What I have not found in any articles is whether these musicians were very familiar with Prince and PURPLE RAIN or whether that was just foisted on them by the director. Either way, it’s still a film that bridges cultures beautifully. We see this society and landscape so drastically different from ours, but it’s not just a National Geographic article. We’re brought in by some dudes who are just dudes, you know? It’s a youth subculture, people rebelling a little and expressing themselves, drawing from the musical traditions of their ancestors but also Jimi Hendrix and modern autotune music and the other people they hang out with.
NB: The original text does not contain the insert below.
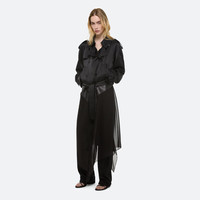 Double-breasted silk trench coat with leather details and a sheer chiffon handkerchief hem. Finished with classic trench details like storm flaps and epaulets at the shoulder. Fits true to size. Model is 5’10” and wears size S. DETAILS - Notched lapels - Silk body with sheer skirt - Leather detailing throughout - Asymmetrical storm flap detail - Leather-faced tie belt - Adjustable button closure on sleeves - P04HW402 MATERIALS & CARE - Composition: 100% silk; lining: 100% viscose - Do not wash. Do not bleach. Do not tumble dry. Cool iron if needed. Dry clean with any solvent except trichloroethylene. - Finished Garment Manufacturing Country/Region: China
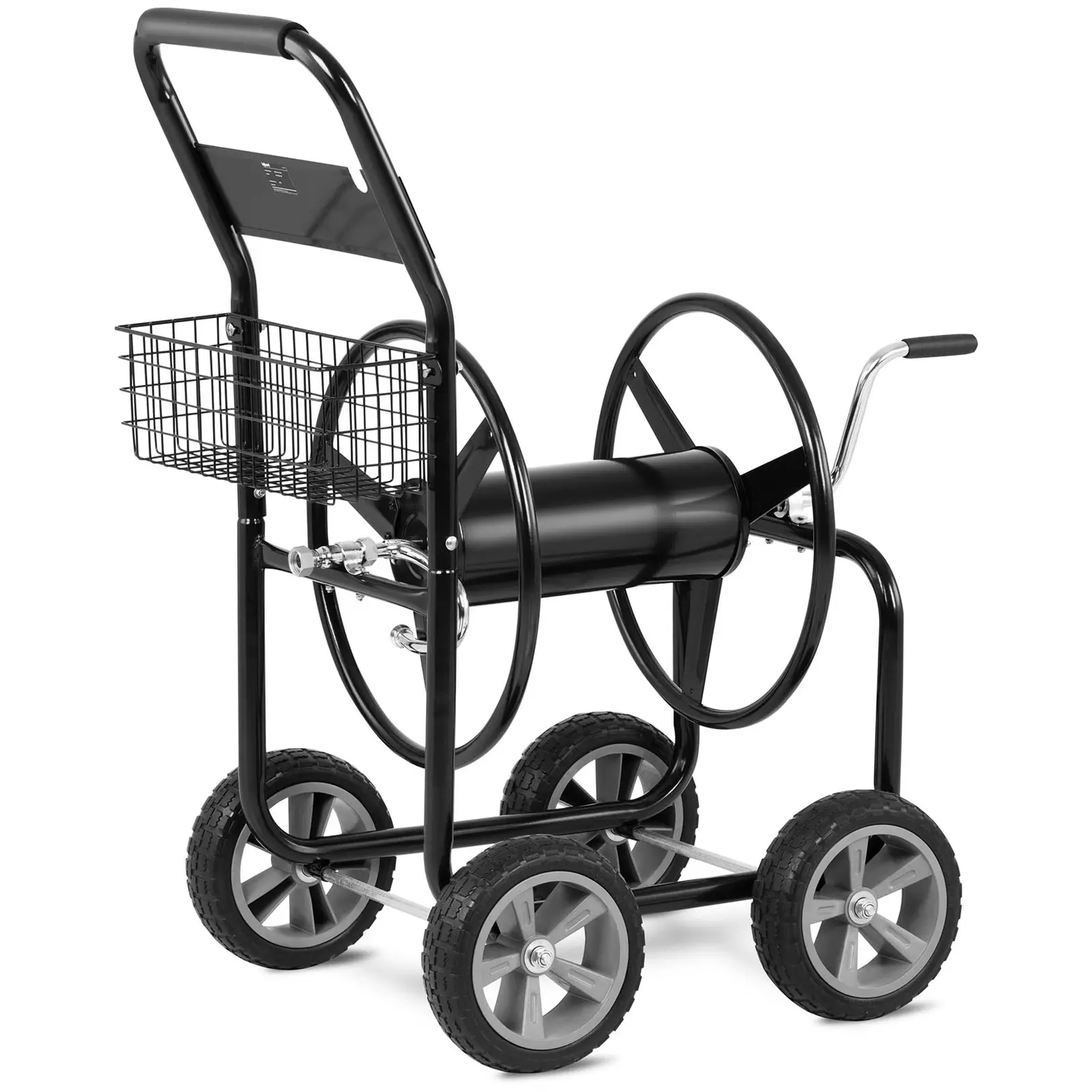 Älä anna puutarhaletkusi vaikeuttaa töitäsi vaan kelaa se näppärästi HT-LOUIS 100 -letkukärryn ympärille. Puutarhaletkukärryssä letkut ovat juuri oikealla paikallaan, olipa kyse varastoinnista tai kuljetuksesta. Voit kuljettaa kärryä mukavasti sinne, missä sitä juuri tarvitsetkin, ja kelaa letku esiin kasvimaalla tai puutarhassa muutamassa sekunnissa. Puutarhan kastelu voi olla niin helppoa! Tukevasta teräksestä valmistetun puutarhaletkukärryn rakenne on vakaa, kestävä ja tarjoaa lukuisia lisäominaisuuksia, jotka helpottavat puutarhatyötäsi. Luistamattoman kahvan ja neljän suuren muovipyörän ansiosta puutarhaletkuvaunua on helppo ohjata myös epätasaisessa maastossa. Neljän pyörän ansiosta vakaus on myös merkittävästi parempi verrattuna kaksipyöräisiin letkukärryihin. Kahvasta löytyy myös kori, jota voit käyttää puutarhatarvikkeille tai työkaluille. Letkun tela on varustettu kätevällä vivulla, jolla voit avata letkun nopeasti. Telan rakenteen ansiosta jopa 90 metrin puutarhaletkut voidaan kelata ongelmitta, ilman solmuja tai muita kiertymisiä. Integroidulla liitosletkulla vesiletku voidaan liittää nopeasti vesiliittymään.

It’s kind of beautiful.

I’ve been working on this review for a bit and I just noticed that Moctar is on tour in the U.S. right now. I thought I should get this up quick because he’s playing Amoeba Records tomorrow, September 7th, and then going around the country (but not here). He’s even playing in Minneapolis, but not at the 1st Ave. Anyway, I’d check him out if I could. Tour dates on his label’s websight.

It says they’re hoping to film “a sequel of sorts” as the band tours America, so that’s exciting. Nigerien GRAFFITI BRIDGE.

This entry was posted on Tuesday, September 5th, 2017 at 11:53 am and is filed under Music, Reviews. You can follow any responses to this entry through the RSS 2.0 feed. You can skip to the end and leave a response. Pinging is currently not allowed.

7 Responses to “Rain the Color of Blue with a Little Red in It”

  1. I hate to quibble Vern, when this is so clearly a gem and your review is great, but I think the adjective you want here is Nigerien, not Nigerian. This is a movie from Niger, which has a large Tuareg population, not Nigeria, which doesn’t. Niger is twice the size of California, even if much of that is the Sahara.

  2. Thanks for the correction, Borg9.

  3. Wow, this looks fucking awesome. Going to watch this one with the buddies.

  4. Today I learned the difference between Nigerian and Nigerien.

  5. It’s a big man who owns his mistakes Vern; so I’ll apologize if I came across all snotty there. It was early.

    For what it’s worth, I’ve seen Etran Finatawa from Niger a couple of times, and they rock. I guess we’ve established that Niger is a fairly big place, so that may not mean much in relation to Mdou Moctar, but they are a guitar band with both Wodaabe and Tuareg members and it makes for an interesting mix.

    In any case, what Jek said!

  6. National Weather Service Adds New Colors So It Can Map Harvey's Rains

    The old colors couldn't reflect rainfall totals in Texas that weather experts call "unprecedented."

  7. I absolutely loved the stuff with sharing songs on cellphones in this.